225  

– Не может быть, чтобы ты больше ничего не видела, – сказал Мариус. – Я в это не верю. Акаша, посмотри на меня. Отнесись по-доброму ко мне и моим словам.

– Какая разница, веришь ты в это или нет?! – воскликнула она, впервые проявив долго сдерживаемый гнев. – Ты не принял то, что я пыталась донести до тебя. Ты не поддался прекрасным видениям, которые я рисовала в твоих мыслях. Как ты не понимаешь, что мой дар спасет тебя? И кто ты такой, если я этого не сделаю? Ты пьешь кровь, ты – убийца!

Я никогда еще не слышал, чтобы она говорила с такой горячностью. Когда Мариус попытался было ответить, она сделала нетерпеливый жест и повернулась к Сантино и Арману.

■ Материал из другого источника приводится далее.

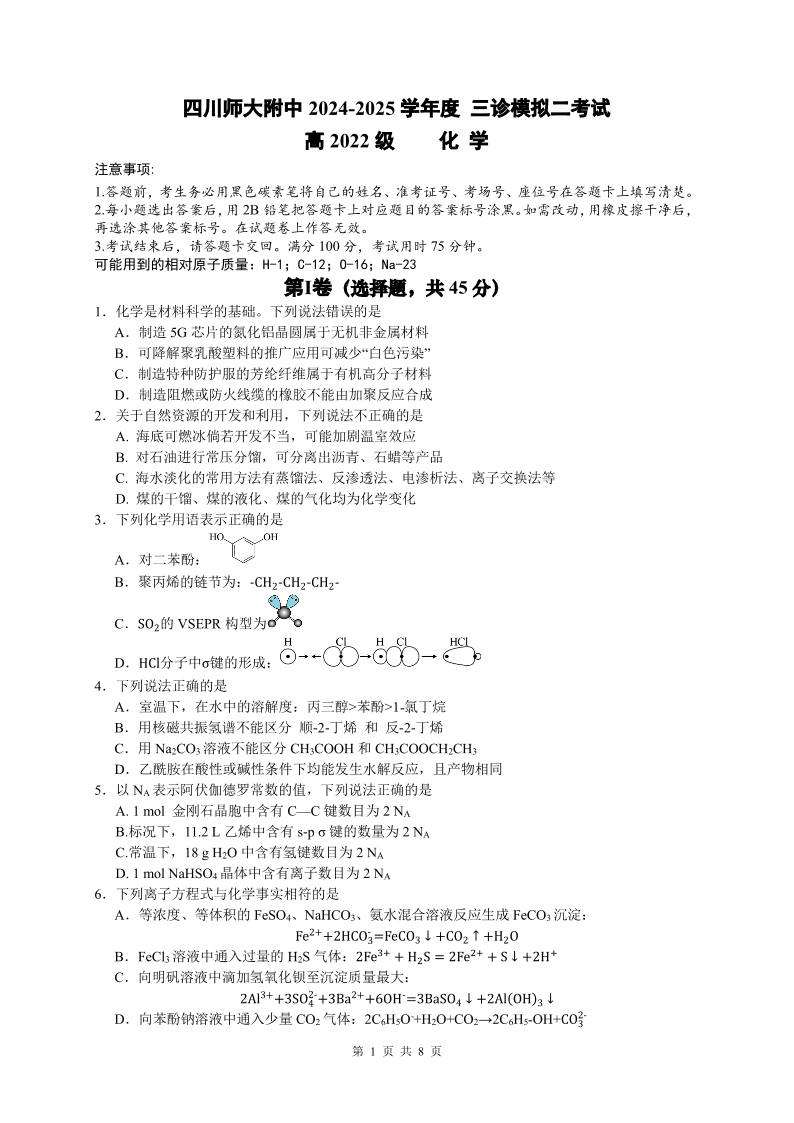 四川师范大学附属中学2025届高三下学期三诊模拟(二)化学.pdf

– Ты, Сантино, – сказала она, – Ты, кто руководил римскими Детьми Тьмы, когда они верили в то, что в качестве приспешников дьявола исполняют Божью волю, – помнишь ли ты, что значит служить цели? А ты, Арман, глава старой парижской общины, помнишь ли ты, что значило стать святым Тьмы? Ты имел свое место между адом и раем. Я предлагаю вам то же самое еще раз, и это не обман. Разве вы не можете вернуться к потерянным идеалам?

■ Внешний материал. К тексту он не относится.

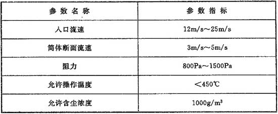 7.2.6 旋風除塵器可作為預(yù)除塵器使用。旋風除塵器計算參數(shù)應(yīng)符合表7.2.6的規(guī)定。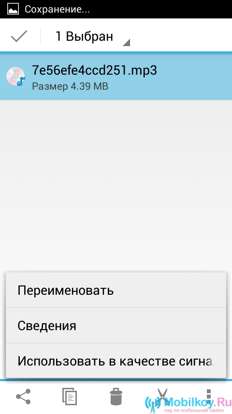 - Стоит отметить, что многие файловые менеджеры и музыкальные приложения на телефоне поддерживают функцию установки мелодий на звонок и вам нужно всего лишь найти файл рингтона, сделать долгое нажатие и выбрать «Установить в качестве мелодии звонка».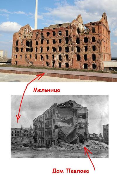 Внимательнее читай. Я написал, что на чб фото на фоне слева находится здание мельницы, а на первом плане тот самый дом Павлова. И здание мельницы на чб и на цветном фото это одно и тоже здание.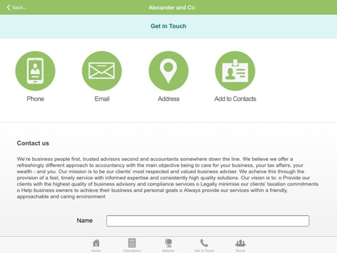 The Alexander & Co App has been designed to be a useful place to get critical information whenever you need it. As always, the team at Alexander & Co is on hand to provide professional, personal advice and guidance. The Finance &Tax App is packed with tools that you and our future clients will love, such as: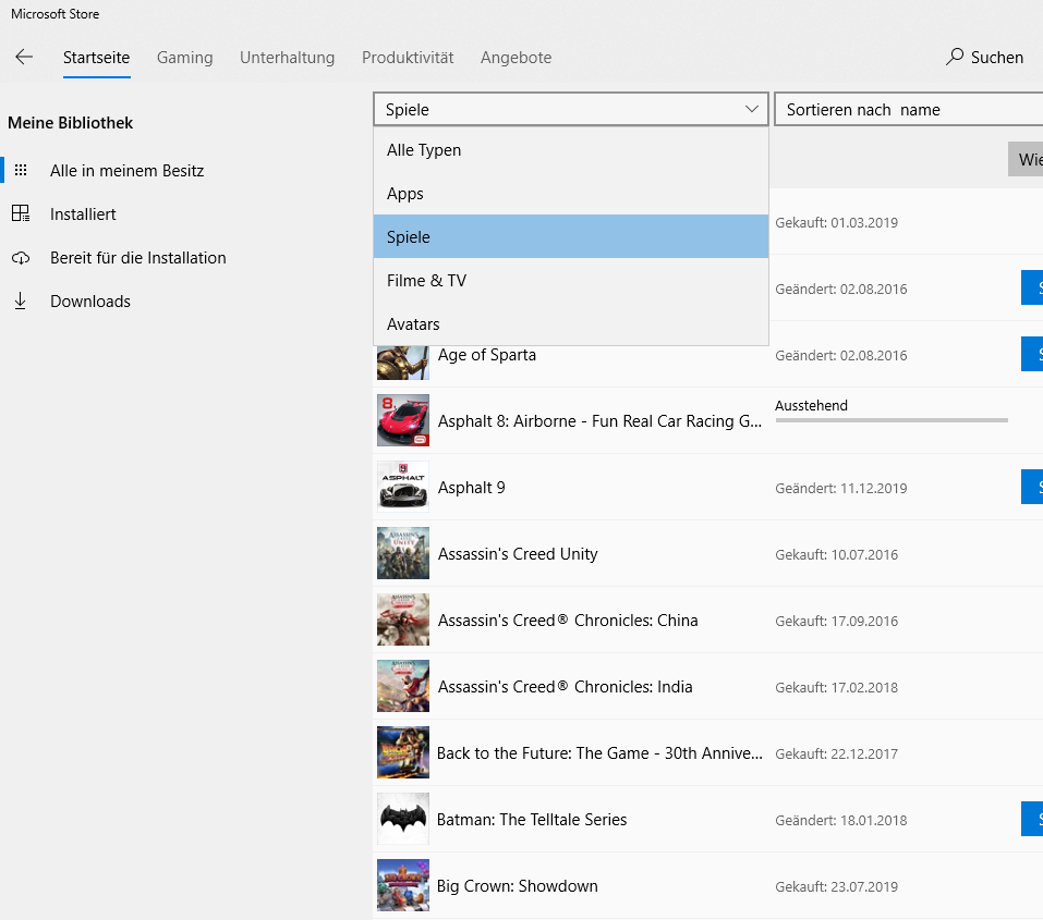 Denkste! In einer Gesamtliste sind alle Käufe/Abospiele (egal ob Xbox 360, Xbox One, UWP-Apps oder x86-Spiele) durcheinandergewürfelt, lediglich die "Nicht-Spiele-Apps" und Einzel-DLCs kann man wegfiltern:

Они ей не ответили. Сантино был парализован ужасом, его душевные раны кровоточили. На лице Армана читалось только отчаяние.

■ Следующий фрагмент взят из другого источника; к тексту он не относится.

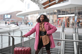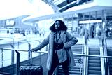 young woman with trolley in a station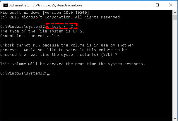 2. 在“cmd”中输入“chkdsk /f C:”后按下“回车”。

На ее лице появилось мрачное выражение обреченности. Бесполезно. Никто из них не пойдет за ней. Она посмотрела на Мариуса.

– Твое драгоценное человечество! – сказала она. – За шесть тысяч лет оно ничему не научилось. Ты говоришь мне об идеалах и целях! При дворе моего отца в Уруке находились люди, которые понимали, что голодных следует накормить. Знаешь ли ты, что такое современный мир? Телевизоры – сосуды чудес, а вертолеты – ангелы смерти!

– Ладно, хорошо, а каким будет твой мир? – спросил Мариус. У него тряслись руки. – Ты не считаешь, что женщины не станут убивать своих мужчин?

Она засмеялась. Она повернулась ко мне.

– Разве в Шри-Ланке они сопротивлялись, Лестат? А на Гаити? А на Линконосе?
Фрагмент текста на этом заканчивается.